After years of frustration with persistently high rates of software piracy in China, could it be that we are about to see actual improvement in legal software sales there? Having met recently with top officials in the US and Chinese governments, I am guardedly optimistic.
One thing is abundantly clear: Both governments, at the very highest levels, are keenly aware of the issue and are expressing a determination to address it — including in Chinese enterprises, where the problem is especially acute.
China has announced it will launch a series of inspections to ensure that central and local government bureaus are using legitimate software. This is encouraging because it paves the way for fruitful negotiations later this month during ministerial sessions of the US-China Joint Commission on Commerce and Trade (JCCT), one of two major forums where officials from the United States and China come together to address bilateral trade issues.

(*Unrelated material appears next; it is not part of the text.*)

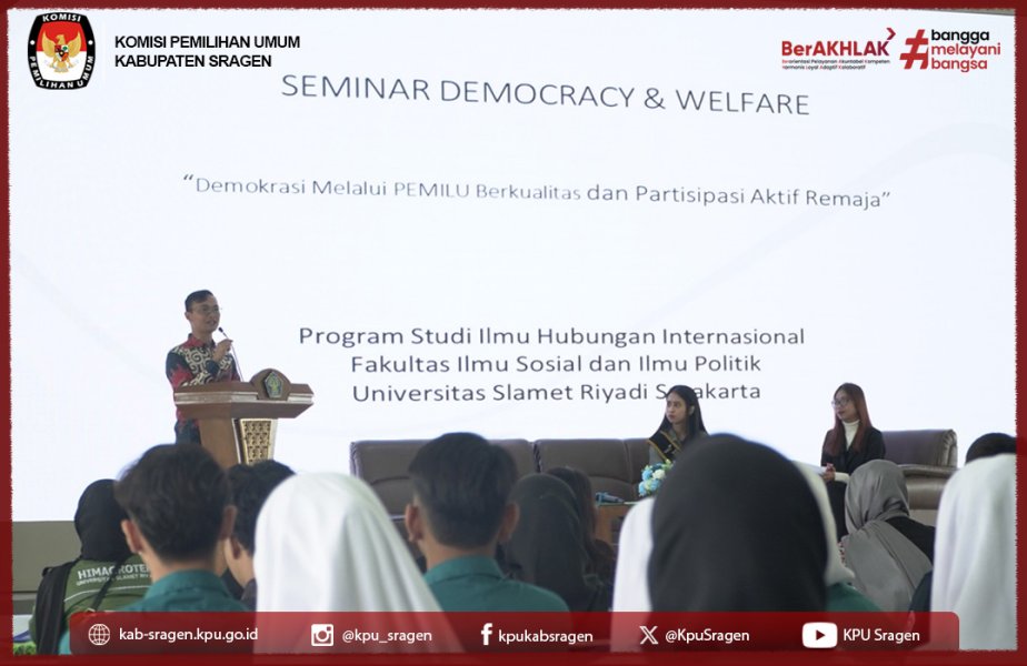 Surakarta, kab-sragen.kpu.go.id – Demokrasi bukan hanya soal memilih, tetapi juga menjamin kesejahteraan dan masa depan bangsa. Untuk memperkuat pemahaman mengenai pentingnya pemilu berkualitas dan partisipasi aktif kaum muda, Himpunan Mahasiswa Hubungan Internasional (HIMAHI) UNISRI Kabinet Akasacita menyelenggarakan kegiatan Praktisi Mengajar – Seminar Democracy & Welfare bertema “Demokrasi melalui Pemilu Berkualitas dan Partisipasi Aktif Remaja.”

But a number of commitments have been made over the years to undertake software legalization efforts in China — and yet the PC software piracy rate continues to hover at 79 percent, with a commercial value of $7.6 billion, according to the latest BSA-IDC Global Software Piracy Study. To be successful, these recently announced inspections cannot be undertaken in a one-off campaign; they must mark the beginning of a sustained effort.
The general counsel of 14 BSA member companies and I met earlier this week with the US officials who will lead and support the December 14–15 JCCT talks in Washington, including Commerce Secretary Locke and representatives of the Office of the US Trade Representative, the Treasury Department, the Department of Justice and US Intellectual Property Enforcement Coordinator Victoria Espinel. The really striking thing about our meetings with those top US officials was the degree to which all agree an inflection point has been reached in relations with China on the issue of software piracy. Promises are no longer enough; proof is needed that real progress is being made.
BSA believes the time has come for a new strategy that focuses less on commitments and more on achieving tangible results that we can measure in increased US sales and exports to China — a cut-and-dry metric that is very easy to follow. Government agrees.
I am guardedly optimistic this idea can form the basis for a new accord and a “win-win” for the US and China, not just because both governments fundamentally agree on the need to achieve real results, but also because achieving those results will not be especially complicated or difficult. The experience of neighboring Japan, where the piracy rate fell from 66 percent in 1994 to 21 percent last year, proves it.
UPDATE: Senate Finance Committee Chairman Max Baucus (D-Mont.), Ranking Member Chuck Grassley (R-Iowa), and 30 other Senators have sent a letter to Wang Qishan, Vice Premier of the State Council of the People’s Republic of China, urging China to make verifiable progress on intellectual property enforcement and to suspend discriminatory “indigenous innovation” policies.